◆ **MATERIAL PROVIDED**:

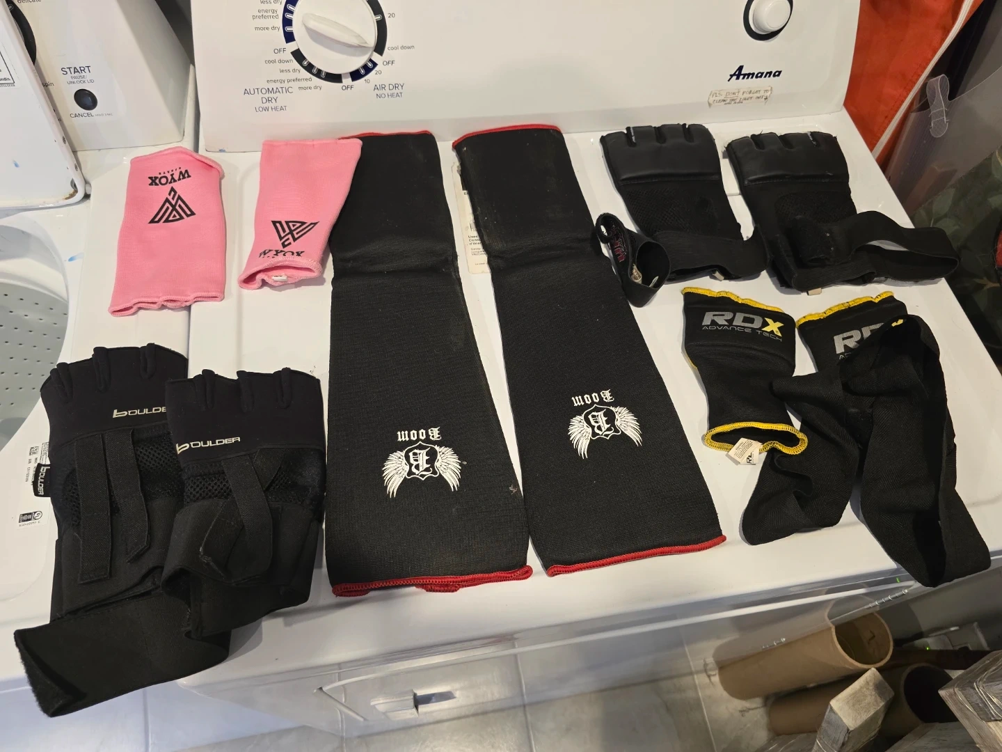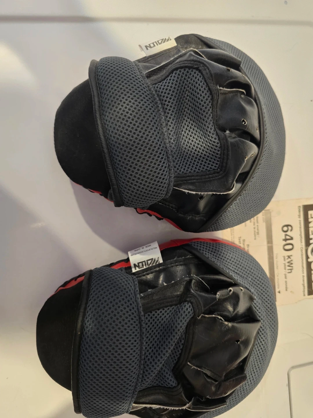 Used WOLON boxing mitts. These mitts are black with red trim and a mesh interior for breathability. They feature adjustable straps for a secure fit. Great for training!
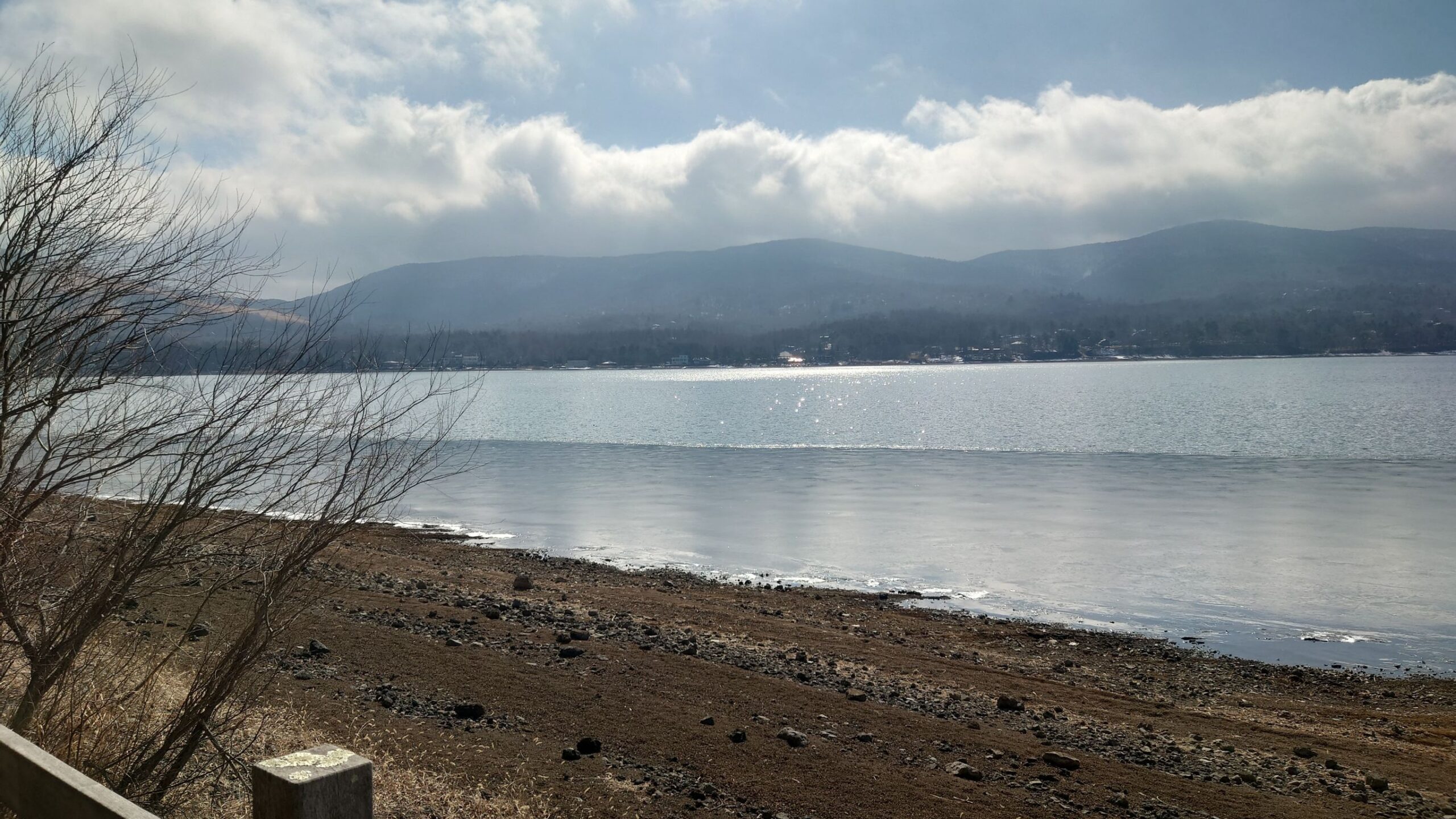 湖に境が見えますが手前が凍ってます
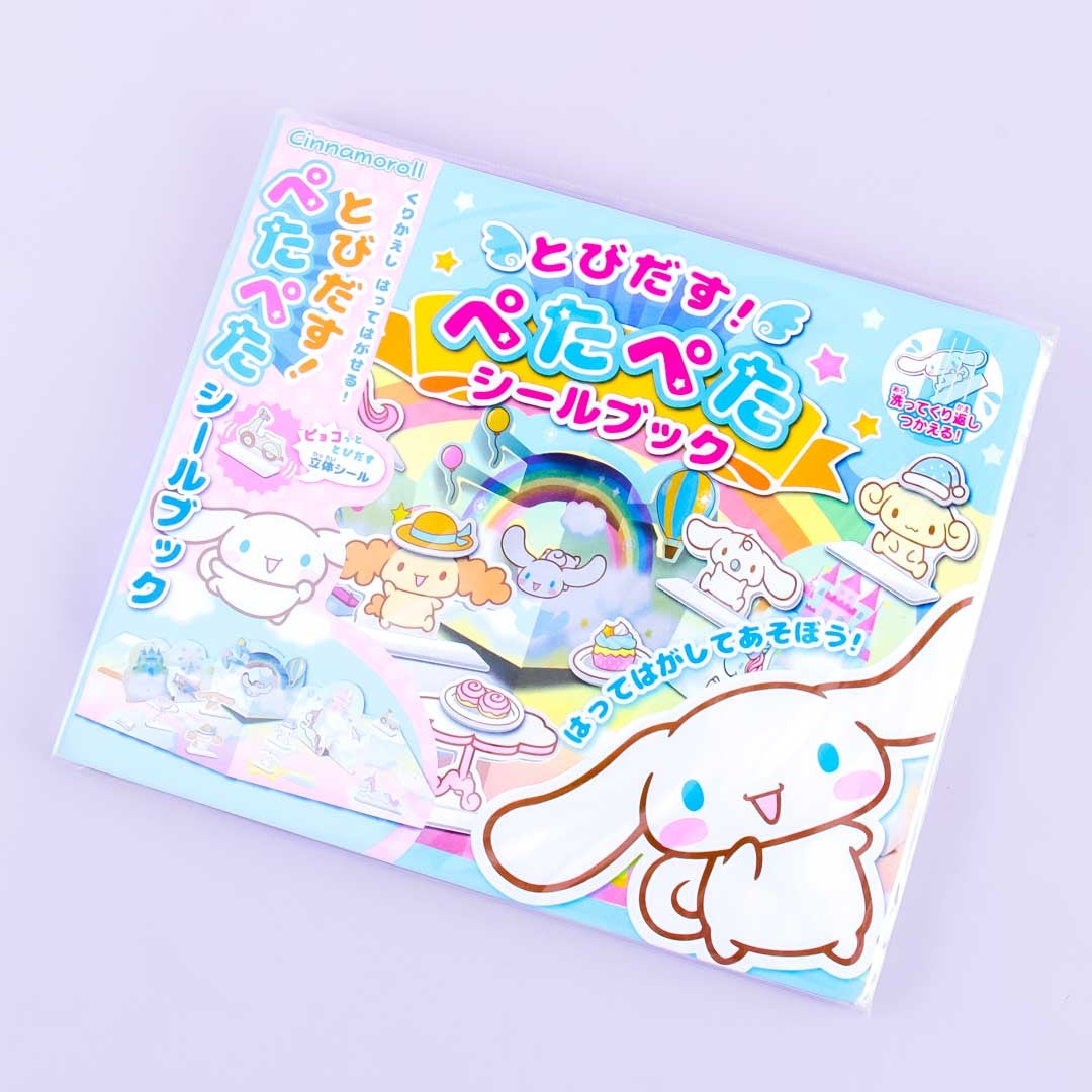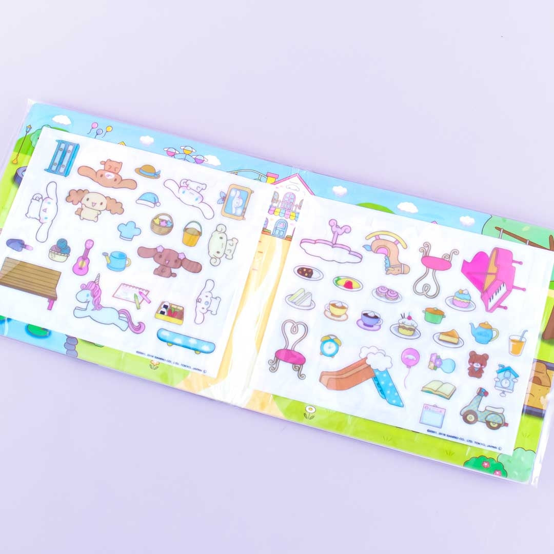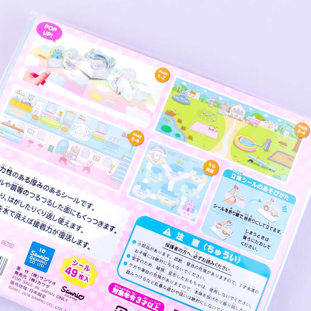 A kawaii pop-up sticker book featuring Cinnamoroll and his town on the clouds

◆ **WHAT TO WORK ON**:
Everything in the data except the pictures should be restated word for word.

◆ **WRITTEN ANSWER**:
 Used WOLON boxing mitts. These mitts are black with red trim and a mesh interior for breathability. They feature adjustable straps for a secure fit. Great for training!
 湖に境が見えますが手前が凍ってます
 A kawaii pop-up sticker book featuring Cinnamoroll and his town on the clouds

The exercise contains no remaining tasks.